I have all my plactics organized in gal bags, ie worms, creatures, craws, frogs ect ect ect


I have never thought of doing that tho!!

will the cranks and other baits fall off??? or bounce out?


----------



## Waterwings (Jan 15, 2009)

Cool idea! I'm thinking the lid (when closed) will help keep the lures from falling off the top of the tubes.


----------



## ilinimud (Jan 16, 2009)

I have the same bag only its yellow. I have 3 plano organizers in the main part, pliers, scale, and tape measure in the front part, and all my worms, and soft plastic in the two side pockets. It seems to work out well. I really like what you did with it though.


----------



## G3_Guy (Jan 16, 2009)

Great idea Bubba! When you planning to hit the hill again?


----------



## Bubba (Jan 16, 2009)

ho_shi said:


> thats funny!!!
> 
> i just bought the SAME bag tonite!!!
> 
> ...



No, I've got notches cut in there to keep them in their place, and the lid(like waterwings said) should keep them from bouncing out of their slots. 
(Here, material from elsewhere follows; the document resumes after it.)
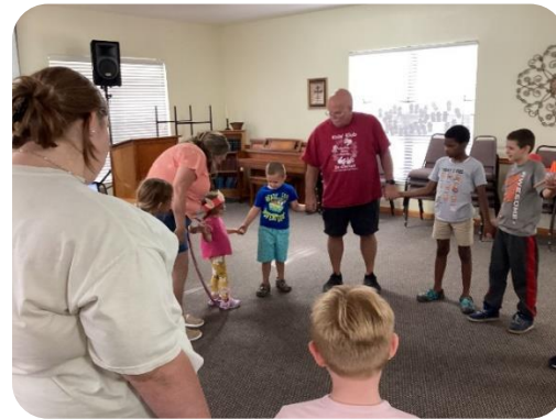
Celebrating Pentecost in wishing the church a "Happy Birthday."

Thanks guys, I had already bought one of these same bags to keep most of all my other stuff in, and I really liked it....for the money I don't think you can beat it.


----------



## Bubba (Jan 16, 2009)

G3_Guy said:


> Great idea Bubba! When you planning to hit the hill again?



Not sure yet, They've had the plant off most of this week, so may be a few days.


----------



## BassAddict (Jan 16, 2009)

Great work Bubba!, Im still trying to come up with a worm bag idea made from a back pack. If you have any ideas on that please PM me!


----------